### [EXERCISE GOAL]
With the pictures left out, restate exactly the part below that opens with the line containing "Xác định tốc" and closes with the line containing "- 1.Clean, label, and".

### [RECORD EXCERPTS]
········

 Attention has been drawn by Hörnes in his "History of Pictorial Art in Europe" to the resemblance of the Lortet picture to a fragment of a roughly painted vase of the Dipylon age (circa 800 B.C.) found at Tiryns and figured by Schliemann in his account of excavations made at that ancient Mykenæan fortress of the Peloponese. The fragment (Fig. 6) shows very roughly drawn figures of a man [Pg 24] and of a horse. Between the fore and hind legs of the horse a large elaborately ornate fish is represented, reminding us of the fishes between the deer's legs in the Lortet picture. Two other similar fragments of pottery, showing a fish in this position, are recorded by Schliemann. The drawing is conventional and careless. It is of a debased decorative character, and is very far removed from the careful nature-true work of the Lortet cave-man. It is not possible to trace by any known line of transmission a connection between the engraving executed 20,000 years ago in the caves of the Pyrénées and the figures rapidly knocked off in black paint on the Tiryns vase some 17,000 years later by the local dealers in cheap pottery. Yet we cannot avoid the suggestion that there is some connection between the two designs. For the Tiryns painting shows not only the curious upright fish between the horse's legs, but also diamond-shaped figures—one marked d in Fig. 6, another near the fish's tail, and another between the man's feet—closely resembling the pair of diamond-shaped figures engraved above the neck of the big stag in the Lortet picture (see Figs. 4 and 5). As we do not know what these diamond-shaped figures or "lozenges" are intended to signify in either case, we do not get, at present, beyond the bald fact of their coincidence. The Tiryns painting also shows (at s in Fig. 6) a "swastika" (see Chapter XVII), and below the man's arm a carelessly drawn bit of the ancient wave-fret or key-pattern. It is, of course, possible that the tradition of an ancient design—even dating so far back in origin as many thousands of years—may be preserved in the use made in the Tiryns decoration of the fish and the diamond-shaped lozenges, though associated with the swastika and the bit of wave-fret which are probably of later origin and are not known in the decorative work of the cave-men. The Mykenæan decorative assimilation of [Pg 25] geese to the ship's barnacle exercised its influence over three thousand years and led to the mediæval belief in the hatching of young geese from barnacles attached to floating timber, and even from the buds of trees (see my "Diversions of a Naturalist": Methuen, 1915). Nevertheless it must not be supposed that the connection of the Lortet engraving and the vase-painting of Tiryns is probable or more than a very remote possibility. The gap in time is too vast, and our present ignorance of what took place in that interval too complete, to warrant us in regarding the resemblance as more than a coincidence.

········

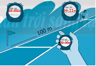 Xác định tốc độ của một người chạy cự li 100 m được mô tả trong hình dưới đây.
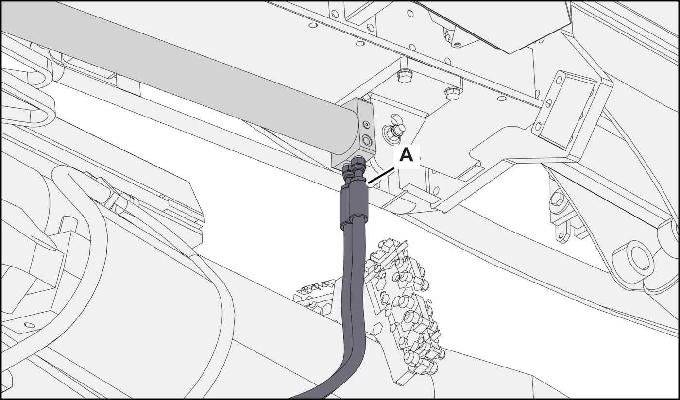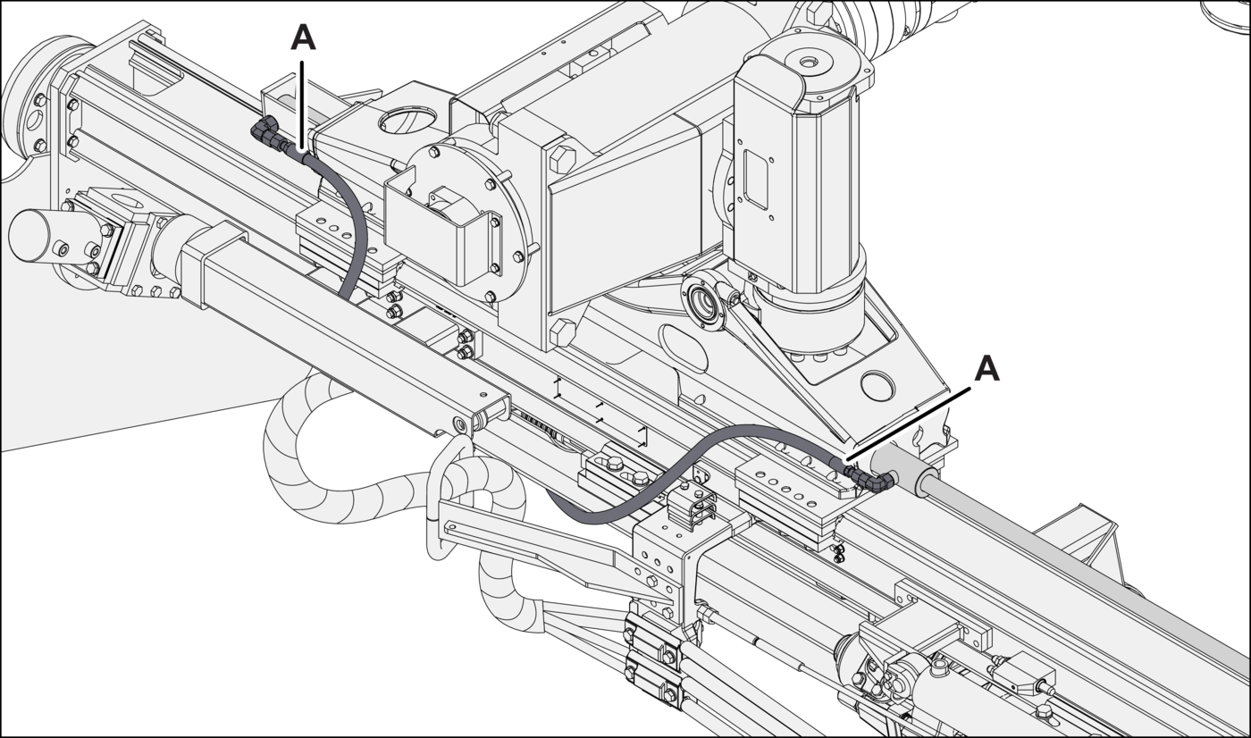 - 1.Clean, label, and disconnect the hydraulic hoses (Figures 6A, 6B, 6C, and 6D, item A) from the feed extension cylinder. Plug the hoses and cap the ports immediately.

········

### [RESPONSE TO THIS TASK]
 Xác định tốc độ của một người chạy cự li 100 m được mô tả trong hình dưới đây.
 - 1.Clean, label, and disconnect the hydraulic hoses (Figures 6A, 6B, 6C, and 6D, item A) from the feed extension cylinder. Plug the hoses and cap the ports immediately.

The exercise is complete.